No one wants to increase taxes because they imagine they can be part of the 1% if they work hard enough. Or they imagine that they can provide for themselves and their families if they just play by the rules. I have a job. I am religious. I consider myself to be a conservative. I also know that it doesn't matter how hard any of us try - we can't compete in a global market with people who have the same skills as us but are willing to be paid far less. We're told that more restrictive immigration laws are the answer. I don't believe that anymore. Foreign talent can't come here, a multinational company will relocate the whole company overseas, fire U.S. workers in the process, and locate where it can get cheap labor and keep the earnings in a tax shelter. The conservative, hard-working 50 % of the 99% are being told lies - that we want to believe - but that's not in our interests.
The problem I see is that OWS isn't reaching out to all of the 99 percent. America is a center-right nation. You need to conceive of your allies more broadly, and reach out across ideological lines. Your critics see you as anarchists and Marxists. I know that's not true - but you have to try harder to combat that image.
The correct term is oligarchy, but I totally agree.
Campaign finance reform is a start - coupled with an independent, non-partisan agency to administer electoral district boundaries to prevent gerrymandering.
Sad thing is - OWS is so idealistic and they believe they can have a pure democracy with an open-source leadership. It won't work. They need leaders with ideas, and people inside the system to work for change too.

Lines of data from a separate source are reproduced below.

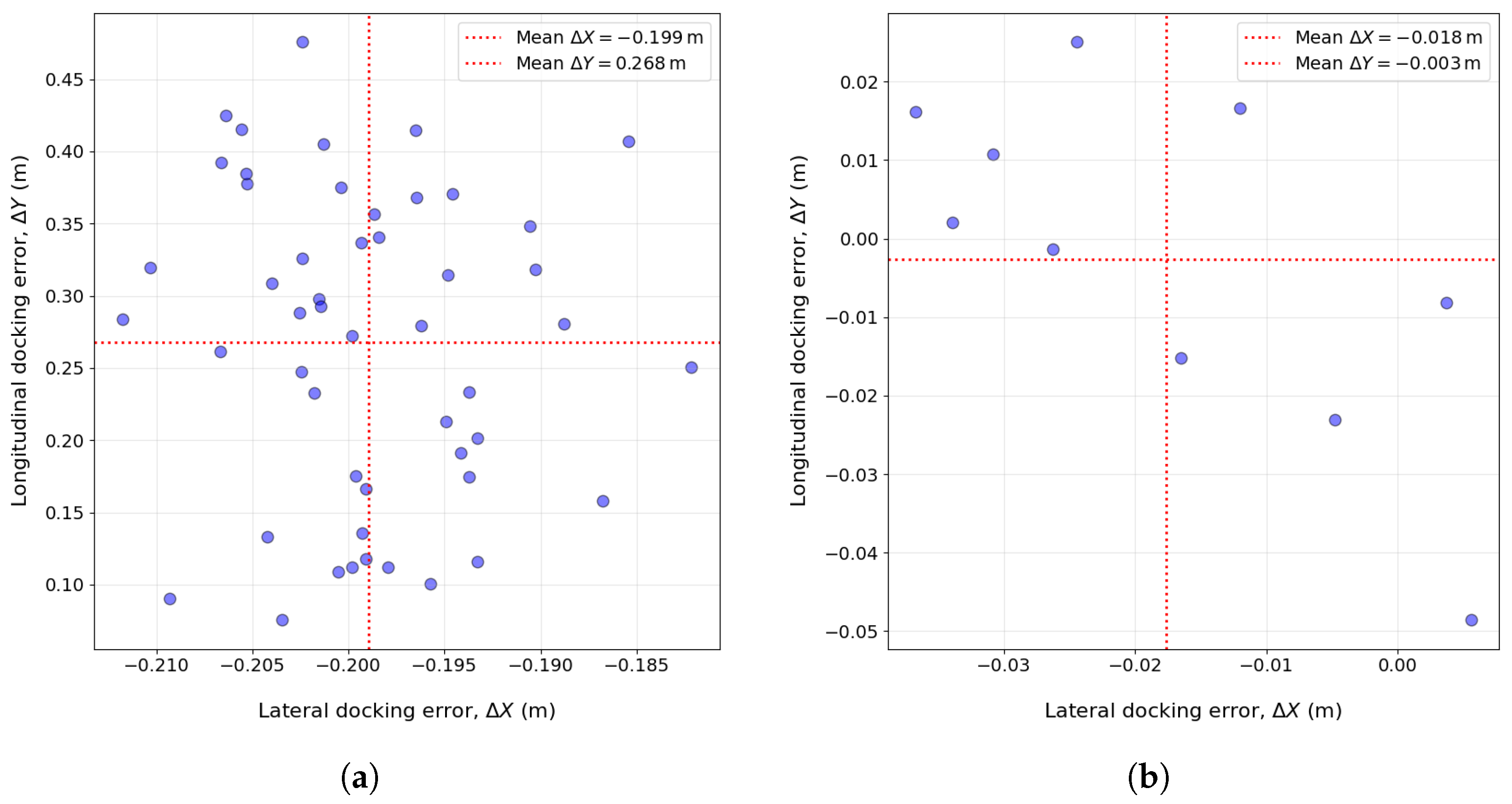 ), which may be attributed to the higher momentum of the full-scale vehicle and the correspondingly longer braking distance. This suggests that minor adjustments between the physical scaled prototype and the simulation models may be needed to reproduce longitudinal stopping characteristics better. Overall, the narrow ranges of both lateral and longitudinal errors indicate that the docking manoeuvrers are executed with high precision and consistency across repeated runs in both environments.
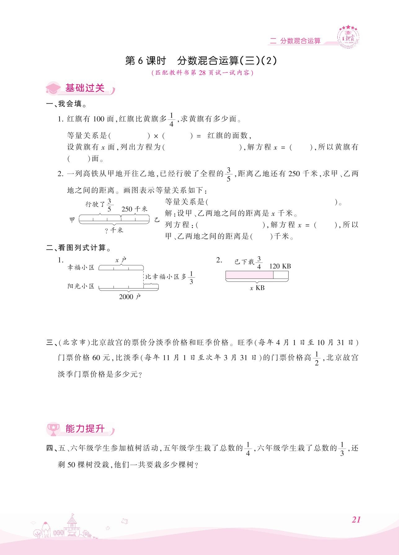 2021上册六年级数学北师版 二 分数混合运算——第6课时 分数混合运算(三)(2)
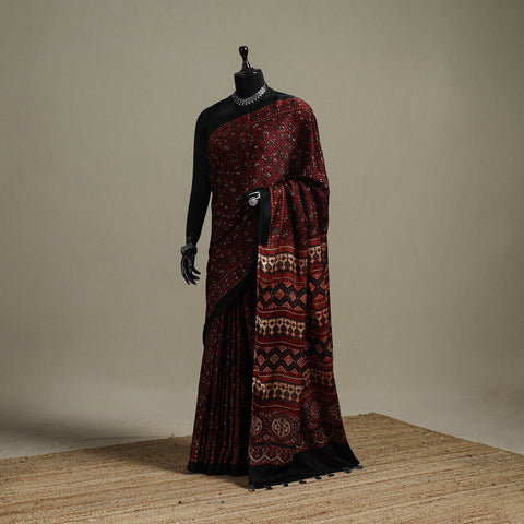 | Material | Traditional red ajrakh saree is hand block printed by Riyaz Abdulmajid Khatri. This saree is hand block printed by traditional ajrakh artisan using natural dyes, following a time-honoured craft that originated in Kutch, Gujarat. With a history spanning over 4,500 years, Ajrakh reflects India’s rich cultural legacy. Crafted in modal silk, the saree is detailed with a zari border and finished with charming tassels that add an elegant touch. It is well suited for festive occasions, cultural gatherings and graceful everyday wear. A Note on Handmade Beauty |
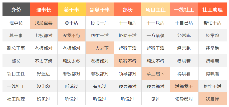 其他行业都有各种鄙视链,社工行业呢?站在价值正确的角度,社工行业里当然没有鄙视链,只是职责分工不同而已。今天就来聊聊社工行业彼此眼中的彼此。
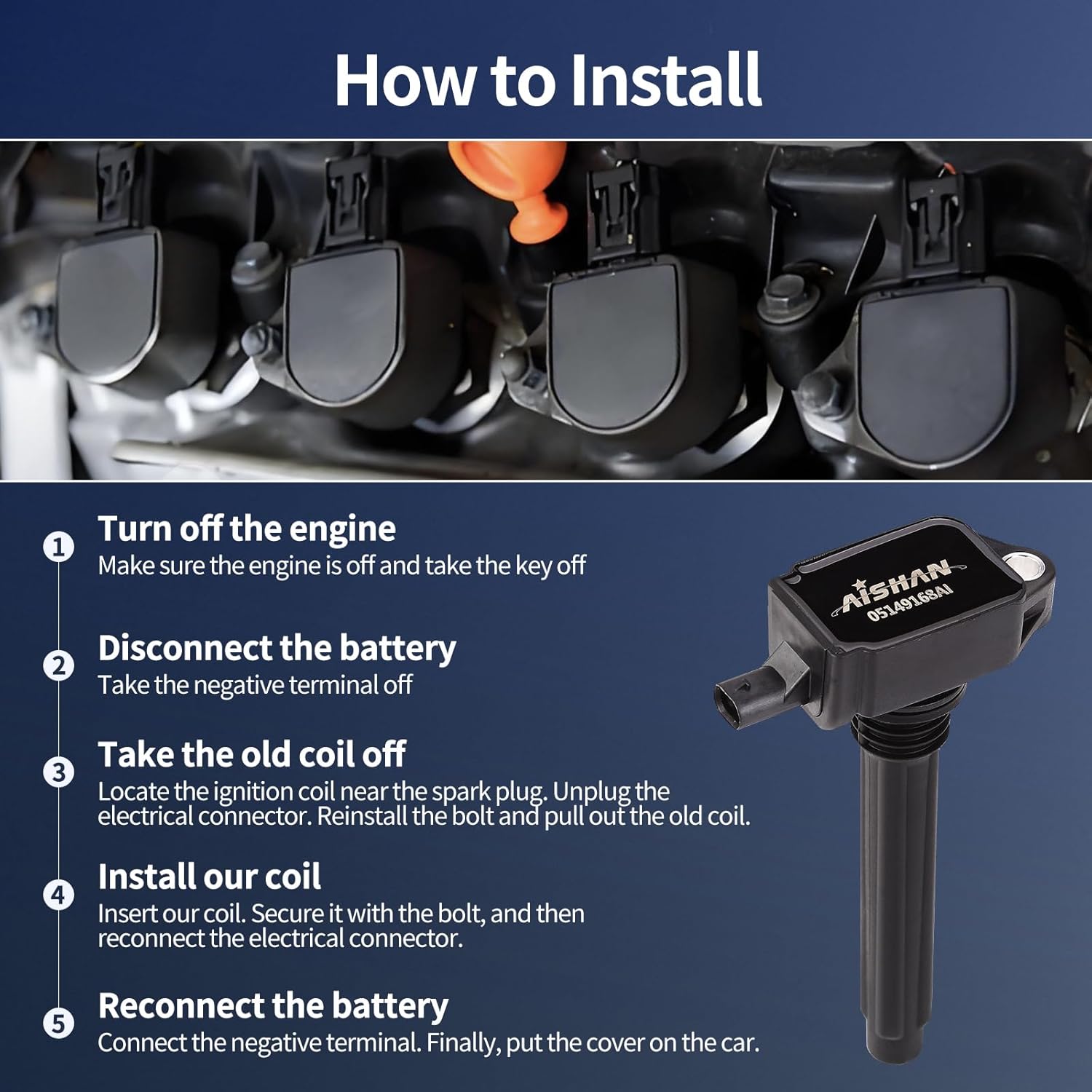 Please turn off the engine and ACC power supply before installation and wait for the engine to cool down. when replacing the ignition coil, please clean the carbon deposit on the spark plug or replace the spark plug with high-quality spark plug to ensure the smooth and powerful ignition system.
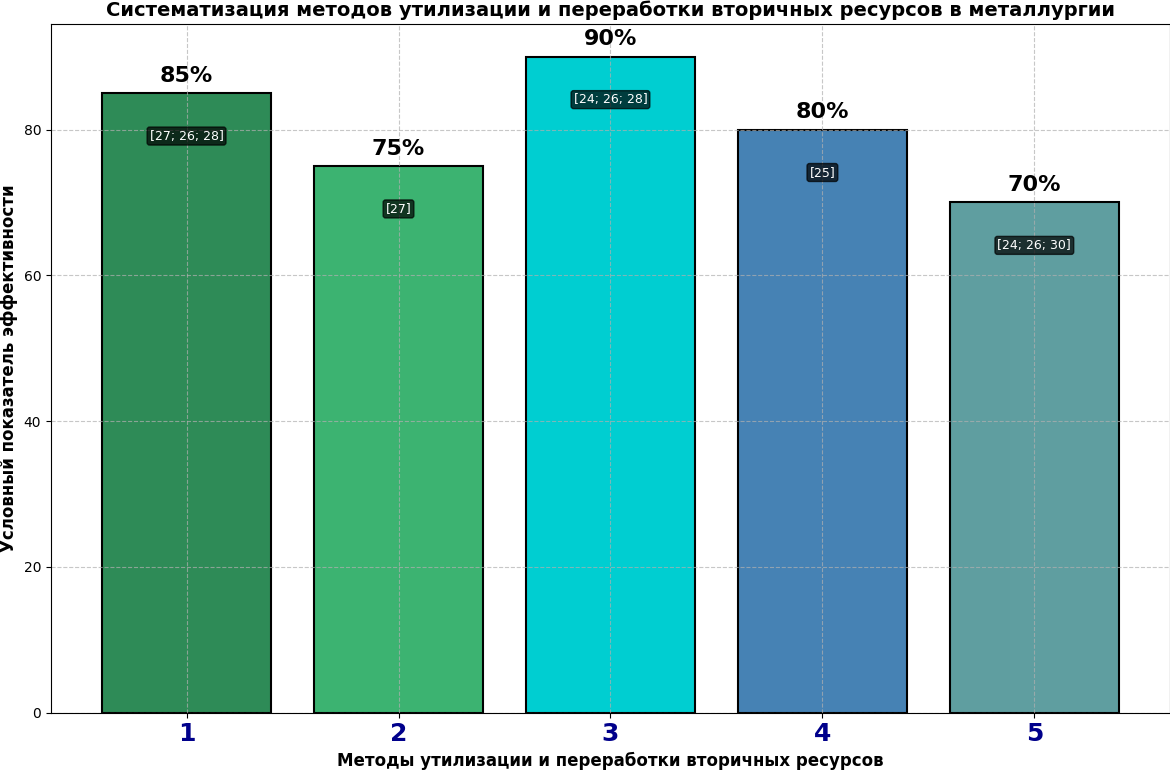Проведенный анализ свидетельствует о том, что современное развитие металлургии неразрывно связано с внедрением ресурсосберегающих и экологически ориентированных технологий. Наиболее перспективными являются методы, позволяющие не только снизить текущее негативное воздействие, но и ликвидировать накопленный экологический ущерб за счет вовлечения техногенных отходов в хозяйственный оборот. Комплексный подход, сочетающий гидро- и пирометаллургические процессы с механохимической активацией и созданием замкнутых производственных циклов, формирует основу для перехода к циркулярной экономике в металлургическом комплексе. Дальнейшая работа должна быть направлена на оптимизацию этих технологий, обеспечение их экономической целесообразности и создание необходимой нормативно-правовой базы для стимулирования их широкого промышленного внедрения.
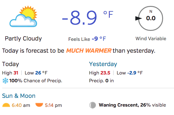I don't remember it ever getting this cold here I don't see how today's low can be 26ºF when it is -9ºF right now at 7:30AM Hi/Lo must be day/tonight Sunday night is supposed to be even colder eesh Emptied the wood bin outside the door last night so gotta fill that back up this morning. Or wait for it to warm up a little. LOL
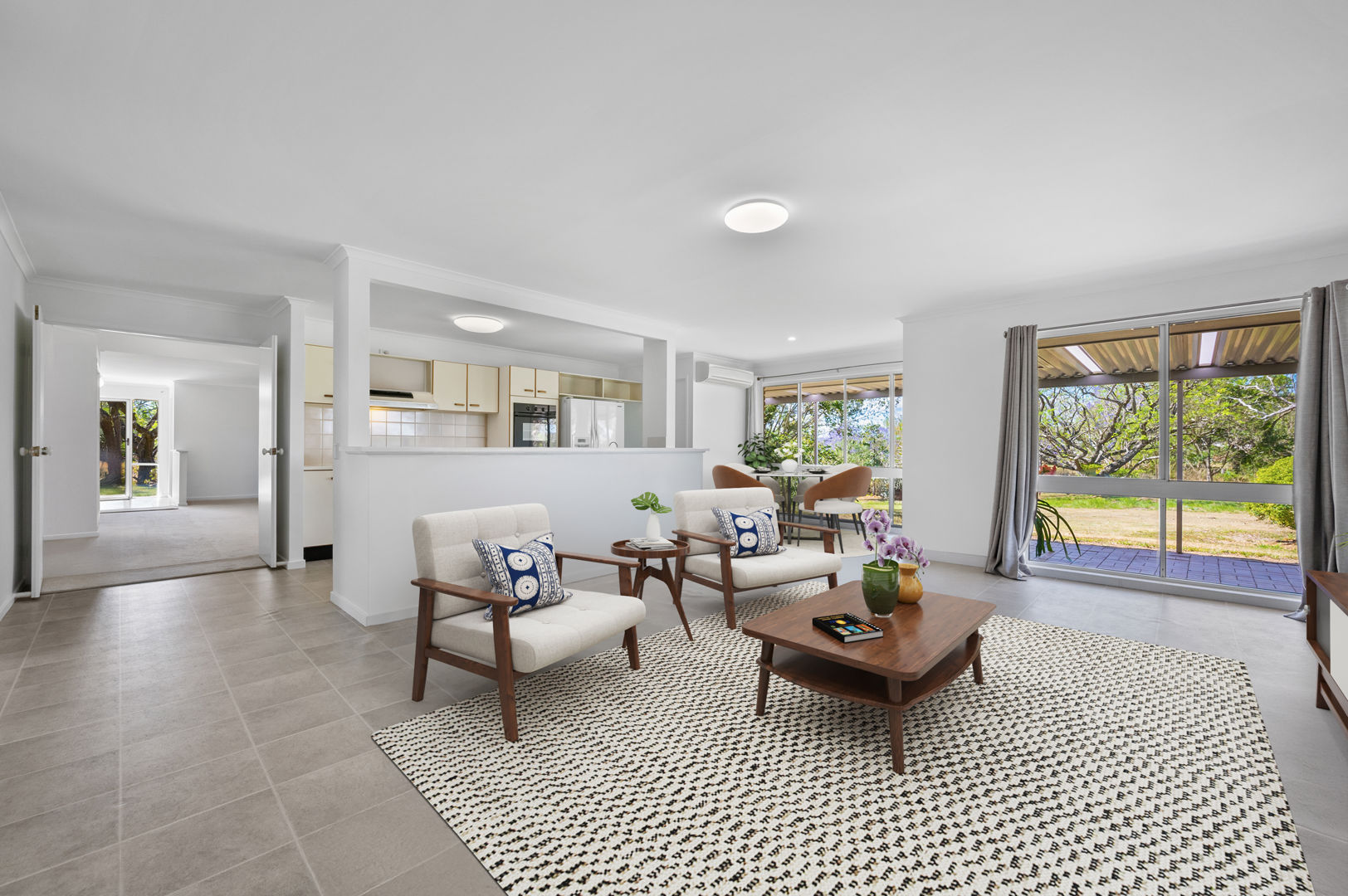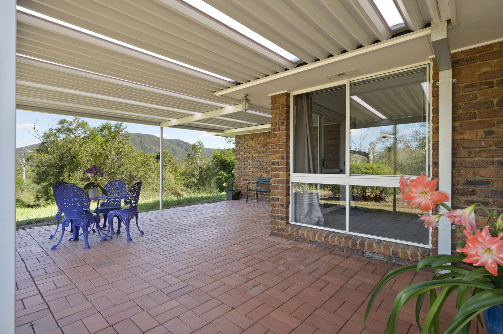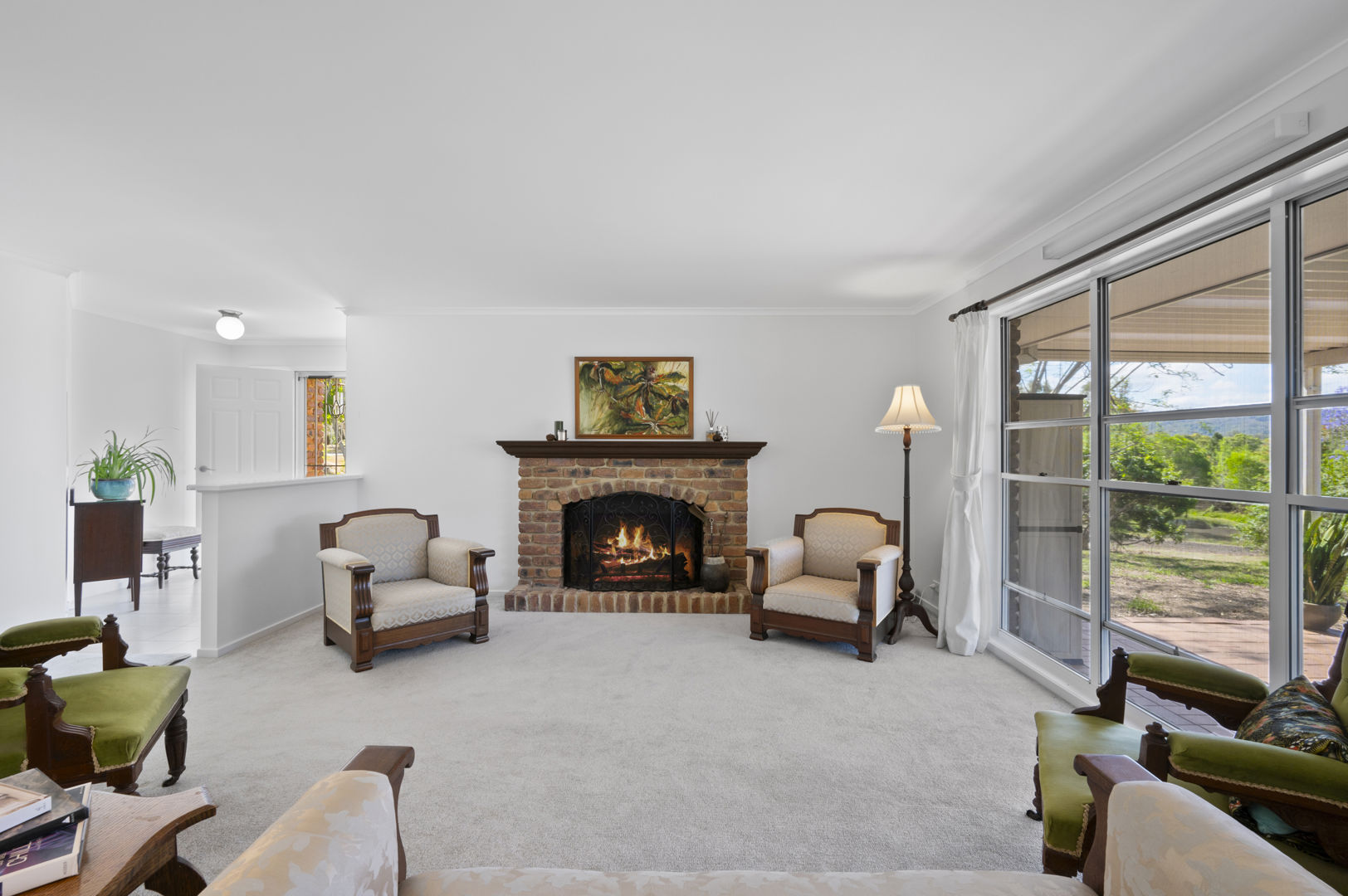 Inside, you'll find three spacious bedrooms plus a study or fourth bedroom, a formal lounge with a charming brick fireplace and formal dining area. There is a separation of space before you enter the other half of the home where there is a wide galley kitchen and walk-in pantry seamlessly integrated with open-plan living and a charming dining nook. This design fills the space with natural light, while oversized windows and doors invite refreshing breezes and frame the spectacular views.
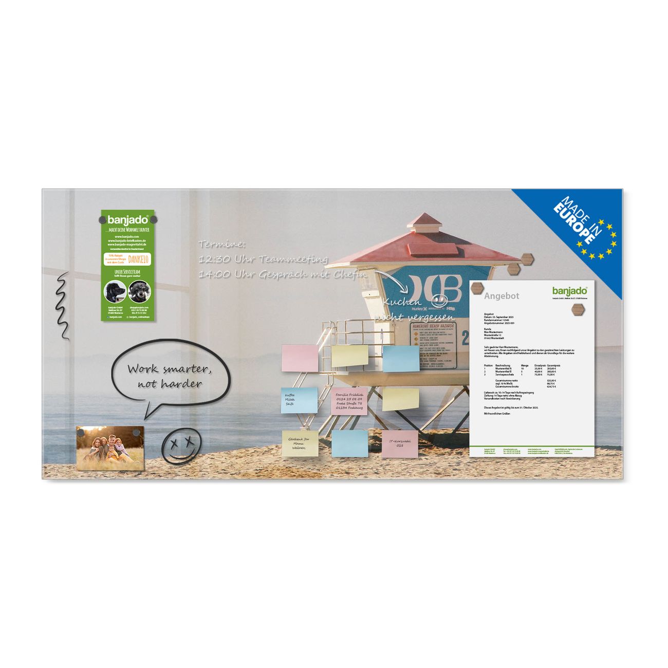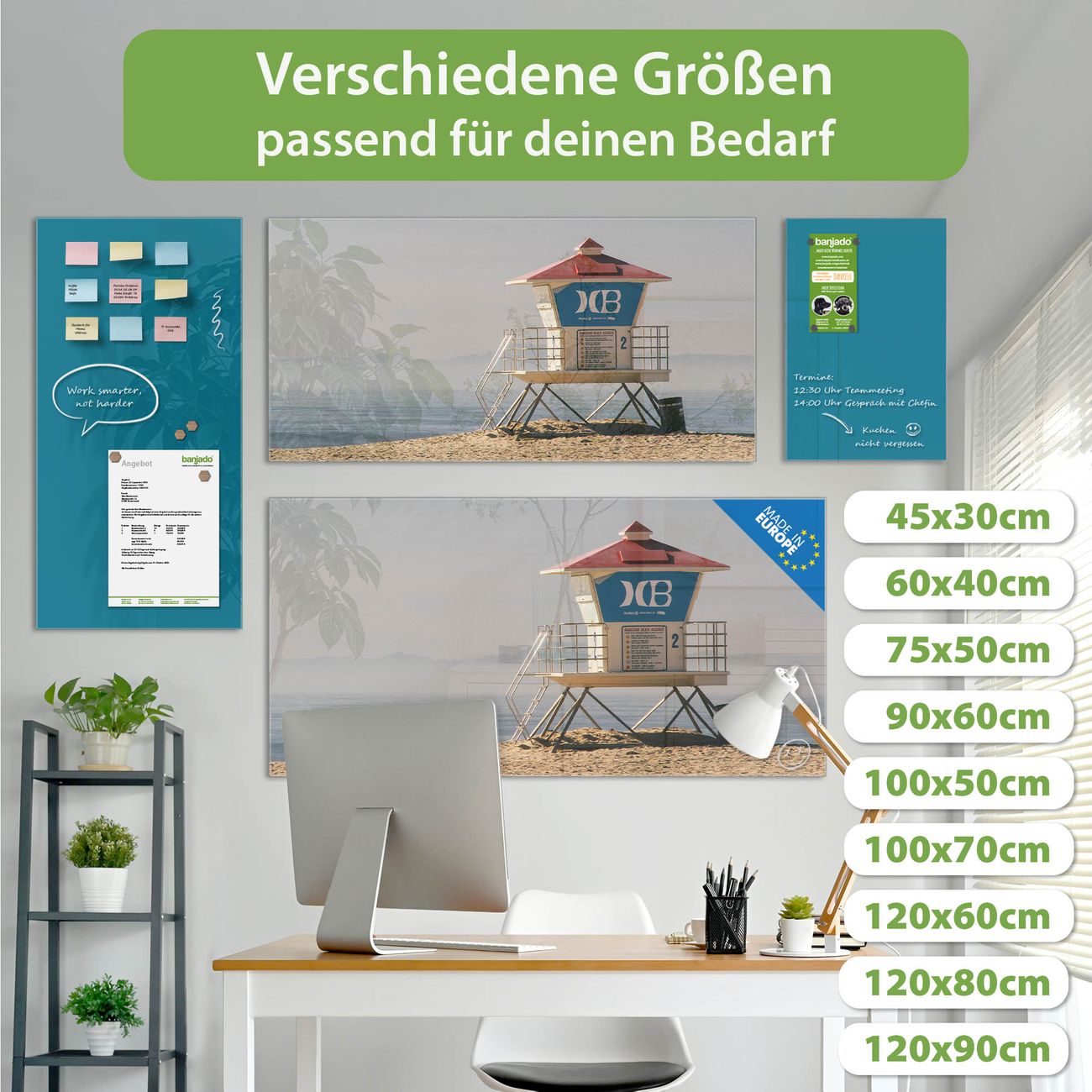 Jede Glas Magnettafel wird in unserer Werkstatt von Hand gefertigt und sorgfältig geprüft. So erhalten Sie ein echtes Qualitätsprodukt, das Funktion und Ästhetik perfekt vereint.?? Warum banjado?
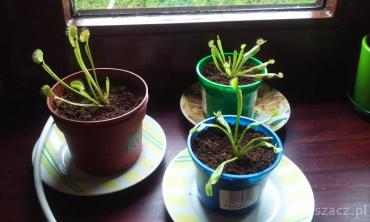 Witam  Chciałbym zaznaczyć,że jest mój pierwszy temat i jednocześnie pierwszy mój wpis na tym forum,wiec z góry przepraszam za błędy popełnione przy robieniu tego tematu.Jest to moja pierwsza muchołówka.Dostałem ją pod koniec września i od kiedy zagościła na moim południowym parapecie rosła bardzo szybko.Jednak teraz przyszedł czas zimowania a ja nie mam kompletnie pojęcia o tym.Wiem,że są porady na forum ale one nic nie dadzą bo są zbyt ogólne,wiec nie piszcie,że mam poszukać na forum.Problem jest z podlewaniem.Muchołówka oczywiście straciła(czytałem tutaj,że to norma) stare liście.Jednak nie mam pojecia co ile mam ją podlewać.Na forum jest napisane,że co 2 tygodnie..Tylko czy to jest normalne,że po 4 dniach muchołówka całkowicie oklapła?Wszystkie liście zwisają z doniczki a torf odchodzi od doniczki.Nie wiem czy mam ją podlewać co te 4 dni bo to jest jej optymalna częstość podlewania czy co 2 tygodnie jak pisza na forum i liczyć,że nie zdechnie.Muchołówka zimowana jest w temperaturze około 9 stopni.Czy jest możliwość,że po prostu nie zaczęła zimować?Zaznaczam,że już nie rośnie.Proszę o pomoc bo nie chciałbym jej stracić :)I jeszcze raz przepraszam za wszelkie nieprawidłowości

I believe the first step toward reform is leveling the playing field in our politics. For decades now both the right and the left have been bought and paid for by corporations and special interests through the current system of legalized bribery (campaign donations) and paid lobbying. Securing real, loop-hole free CAMPAIGN FINANCE REFORM is the first step to getting our democracy back. Until the money is taken out of our politics our "representatives" will continue to be the lap dogs of the corporations and special interests. I read about a lot of people wanting tighter term limits, sensible financial regulations, or effective health care policies - these, and any other meaningful reforms, have next to zero chance of happening unless we get the money out of our politics. Unless we get the influence of the corporations and other monied interests out you can count on your children becoming the 21st century equivalent of the "landless peasant" (the 1% like to call it capitalism, but what we really have now is crony-capitalism or neo-fuedalism).